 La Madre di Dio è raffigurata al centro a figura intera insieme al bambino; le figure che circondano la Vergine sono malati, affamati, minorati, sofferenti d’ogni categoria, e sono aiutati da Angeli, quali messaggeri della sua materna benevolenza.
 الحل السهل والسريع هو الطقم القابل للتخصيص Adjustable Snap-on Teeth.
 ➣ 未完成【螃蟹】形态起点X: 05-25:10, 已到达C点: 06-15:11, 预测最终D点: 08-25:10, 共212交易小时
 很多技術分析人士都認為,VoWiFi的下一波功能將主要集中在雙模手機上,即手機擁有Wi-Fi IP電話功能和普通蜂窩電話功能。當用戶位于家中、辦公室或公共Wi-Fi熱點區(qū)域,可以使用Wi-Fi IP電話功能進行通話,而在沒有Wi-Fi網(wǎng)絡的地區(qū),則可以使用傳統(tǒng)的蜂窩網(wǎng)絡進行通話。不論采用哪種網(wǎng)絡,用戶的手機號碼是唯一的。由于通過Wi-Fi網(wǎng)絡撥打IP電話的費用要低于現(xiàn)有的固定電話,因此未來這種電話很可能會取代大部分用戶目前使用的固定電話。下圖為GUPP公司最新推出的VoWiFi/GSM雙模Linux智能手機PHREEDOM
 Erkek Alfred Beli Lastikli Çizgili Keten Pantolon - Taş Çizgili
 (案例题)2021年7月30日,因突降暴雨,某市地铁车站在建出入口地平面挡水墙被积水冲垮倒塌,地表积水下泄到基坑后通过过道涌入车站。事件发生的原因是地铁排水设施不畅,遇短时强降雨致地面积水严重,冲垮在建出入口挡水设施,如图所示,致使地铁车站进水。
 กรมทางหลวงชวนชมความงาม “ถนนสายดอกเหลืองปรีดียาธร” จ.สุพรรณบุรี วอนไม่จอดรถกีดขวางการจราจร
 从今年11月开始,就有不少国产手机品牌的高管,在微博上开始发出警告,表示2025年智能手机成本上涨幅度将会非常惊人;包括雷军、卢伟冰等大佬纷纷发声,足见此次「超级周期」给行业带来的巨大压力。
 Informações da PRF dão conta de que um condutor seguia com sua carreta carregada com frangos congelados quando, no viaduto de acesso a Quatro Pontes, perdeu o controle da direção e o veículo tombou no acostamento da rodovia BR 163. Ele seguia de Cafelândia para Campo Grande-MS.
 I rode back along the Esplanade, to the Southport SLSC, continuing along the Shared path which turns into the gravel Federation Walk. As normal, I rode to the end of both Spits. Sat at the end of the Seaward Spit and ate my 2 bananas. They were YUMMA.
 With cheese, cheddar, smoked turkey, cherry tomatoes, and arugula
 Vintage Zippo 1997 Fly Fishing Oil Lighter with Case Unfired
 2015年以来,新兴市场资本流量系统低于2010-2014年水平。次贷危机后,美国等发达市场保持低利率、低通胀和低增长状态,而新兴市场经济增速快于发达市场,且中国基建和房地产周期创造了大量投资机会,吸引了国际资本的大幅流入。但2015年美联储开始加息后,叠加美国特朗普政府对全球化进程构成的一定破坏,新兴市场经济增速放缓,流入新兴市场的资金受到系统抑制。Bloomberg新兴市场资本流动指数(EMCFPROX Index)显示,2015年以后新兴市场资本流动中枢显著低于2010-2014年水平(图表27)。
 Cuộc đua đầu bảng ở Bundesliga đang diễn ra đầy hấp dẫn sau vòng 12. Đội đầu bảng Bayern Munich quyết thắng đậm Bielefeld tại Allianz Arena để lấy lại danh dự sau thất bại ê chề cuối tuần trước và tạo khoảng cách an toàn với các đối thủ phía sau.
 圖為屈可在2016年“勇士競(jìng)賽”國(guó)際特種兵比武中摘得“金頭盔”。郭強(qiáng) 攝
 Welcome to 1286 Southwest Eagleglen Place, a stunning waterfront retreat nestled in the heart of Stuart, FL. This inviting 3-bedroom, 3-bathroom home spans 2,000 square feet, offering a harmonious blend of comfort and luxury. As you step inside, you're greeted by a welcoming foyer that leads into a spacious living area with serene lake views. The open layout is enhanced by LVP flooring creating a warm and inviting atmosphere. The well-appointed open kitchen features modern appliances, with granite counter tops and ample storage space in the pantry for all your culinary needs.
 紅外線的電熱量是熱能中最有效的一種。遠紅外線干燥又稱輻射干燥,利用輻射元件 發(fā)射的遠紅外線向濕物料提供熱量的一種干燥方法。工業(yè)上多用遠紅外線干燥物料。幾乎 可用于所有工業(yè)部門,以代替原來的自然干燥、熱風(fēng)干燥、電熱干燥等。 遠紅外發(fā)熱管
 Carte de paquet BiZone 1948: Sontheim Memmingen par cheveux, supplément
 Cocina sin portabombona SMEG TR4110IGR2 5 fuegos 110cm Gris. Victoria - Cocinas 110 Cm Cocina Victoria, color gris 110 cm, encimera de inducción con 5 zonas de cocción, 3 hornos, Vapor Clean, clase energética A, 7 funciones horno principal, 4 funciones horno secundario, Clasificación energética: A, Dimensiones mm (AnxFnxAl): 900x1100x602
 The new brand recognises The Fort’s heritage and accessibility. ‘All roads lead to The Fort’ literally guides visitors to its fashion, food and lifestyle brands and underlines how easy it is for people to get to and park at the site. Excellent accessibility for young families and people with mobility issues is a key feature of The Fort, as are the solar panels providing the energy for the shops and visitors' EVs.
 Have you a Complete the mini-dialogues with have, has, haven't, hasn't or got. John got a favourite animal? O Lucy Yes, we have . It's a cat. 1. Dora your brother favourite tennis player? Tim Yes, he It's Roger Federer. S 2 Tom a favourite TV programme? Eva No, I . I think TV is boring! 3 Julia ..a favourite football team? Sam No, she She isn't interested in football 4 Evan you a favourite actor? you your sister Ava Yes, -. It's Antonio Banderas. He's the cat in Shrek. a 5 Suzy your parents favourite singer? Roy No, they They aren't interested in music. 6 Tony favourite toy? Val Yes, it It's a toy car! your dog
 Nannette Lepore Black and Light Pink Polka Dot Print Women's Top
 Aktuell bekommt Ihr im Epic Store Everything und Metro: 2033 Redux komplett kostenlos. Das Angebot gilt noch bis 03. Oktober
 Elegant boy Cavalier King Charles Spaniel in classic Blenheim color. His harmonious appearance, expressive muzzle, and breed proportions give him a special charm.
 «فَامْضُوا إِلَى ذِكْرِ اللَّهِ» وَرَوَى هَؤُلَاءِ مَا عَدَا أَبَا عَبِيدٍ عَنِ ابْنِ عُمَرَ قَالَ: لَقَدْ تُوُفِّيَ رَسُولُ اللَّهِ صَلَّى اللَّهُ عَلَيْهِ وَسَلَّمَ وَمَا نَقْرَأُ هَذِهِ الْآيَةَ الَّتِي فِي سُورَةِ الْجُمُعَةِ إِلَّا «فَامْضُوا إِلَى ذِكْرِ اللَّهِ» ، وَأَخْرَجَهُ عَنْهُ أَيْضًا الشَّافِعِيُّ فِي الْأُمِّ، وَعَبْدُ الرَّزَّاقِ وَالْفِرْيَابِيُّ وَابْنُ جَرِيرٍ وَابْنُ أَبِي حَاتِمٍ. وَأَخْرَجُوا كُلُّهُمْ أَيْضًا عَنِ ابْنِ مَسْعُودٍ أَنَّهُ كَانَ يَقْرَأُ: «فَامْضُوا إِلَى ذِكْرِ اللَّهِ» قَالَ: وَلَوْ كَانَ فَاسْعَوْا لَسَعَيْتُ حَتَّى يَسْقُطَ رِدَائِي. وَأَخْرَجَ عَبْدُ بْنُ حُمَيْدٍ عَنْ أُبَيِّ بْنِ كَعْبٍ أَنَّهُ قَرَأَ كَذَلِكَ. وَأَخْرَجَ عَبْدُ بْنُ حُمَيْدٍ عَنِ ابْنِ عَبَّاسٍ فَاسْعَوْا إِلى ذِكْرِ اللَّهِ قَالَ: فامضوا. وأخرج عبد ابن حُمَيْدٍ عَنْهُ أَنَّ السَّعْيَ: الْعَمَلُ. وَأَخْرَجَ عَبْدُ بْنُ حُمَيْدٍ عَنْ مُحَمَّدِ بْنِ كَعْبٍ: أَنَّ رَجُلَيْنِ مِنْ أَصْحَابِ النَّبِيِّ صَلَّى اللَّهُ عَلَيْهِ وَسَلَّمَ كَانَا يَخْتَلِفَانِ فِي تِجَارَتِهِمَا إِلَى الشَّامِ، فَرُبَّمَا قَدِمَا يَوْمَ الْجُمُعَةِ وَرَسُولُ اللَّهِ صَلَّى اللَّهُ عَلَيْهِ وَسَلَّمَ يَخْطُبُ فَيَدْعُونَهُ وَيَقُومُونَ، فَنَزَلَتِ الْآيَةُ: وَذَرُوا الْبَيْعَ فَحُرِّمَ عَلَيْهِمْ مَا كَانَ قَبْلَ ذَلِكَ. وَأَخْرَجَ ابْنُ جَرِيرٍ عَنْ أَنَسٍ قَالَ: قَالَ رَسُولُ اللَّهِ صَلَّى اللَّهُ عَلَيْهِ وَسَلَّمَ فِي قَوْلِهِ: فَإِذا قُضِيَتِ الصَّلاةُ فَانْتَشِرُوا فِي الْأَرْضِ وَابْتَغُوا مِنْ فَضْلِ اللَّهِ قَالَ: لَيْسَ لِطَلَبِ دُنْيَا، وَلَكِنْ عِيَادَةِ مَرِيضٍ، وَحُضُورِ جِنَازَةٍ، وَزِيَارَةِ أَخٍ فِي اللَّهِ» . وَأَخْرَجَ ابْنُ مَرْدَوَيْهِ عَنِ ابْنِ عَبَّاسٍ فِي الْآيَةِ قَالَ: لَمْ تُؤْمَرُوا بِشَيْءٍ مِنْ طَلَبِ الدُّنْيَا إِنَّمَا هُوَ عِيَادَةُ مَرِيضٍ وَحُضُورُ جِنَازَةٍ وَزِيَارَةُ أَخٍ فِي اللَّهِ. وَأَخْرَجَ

**Work instruction:** The range runs from the line with "The new brand" up to and including the line with "Elegant boy Cavalier" in the listing above; please write out exactly those lines and nothing more.

**Response to this exercise:**
 The new brand recognises The Fort’s heritage and accessibility. ‘All roads lead to The Fort’ literally guides visitors to its fashion, food and lifestyle brands and underlines how easy it is for people to get to and park at the site. Excellent accessibility for young families and people with mobility issues is a key feature of The Fort, as are the solar panels providing the energy for the shops and visitors' EVs.
 Have you a Complete the mini-dialogues with have, has, haven't, hasn't or got. John got a favourite animal? O Lucy Yes, we have . It's a cat. 1. Dora your brother favourite tennis player? Tim Yes, he It's Roger Federer. S 2 Tom a favourite TV programme? Eva No, I . I think TV is boring! 3 Julia ..a favourite football team? Sam No, she She isn't interested in football 4 Evan you a favourite actor? you your sister Ava Yes, -. It's Antonio Banderas. He's the cat in Shrek. a 5 Suzy your parents favourite singer? Roy No, they They aren't interested in music. 6 Tony favourite toy? Val Yes, it It's a toy car! your dog
 Nannette Lepore Black and Light Pink Polka Dot Print Women's Top
 Aktuell bekommt Ihr im Epic Store Everything und Metro: 2033 Redux komplett kostenlos. Das Angebot gilt noch bis 03. Oktober
 Elegant boy Cavalier King Charles Spaniel in classic Blenheim color. His harmonious appearance, expressive muzzle, and breed proportions give him a special charm.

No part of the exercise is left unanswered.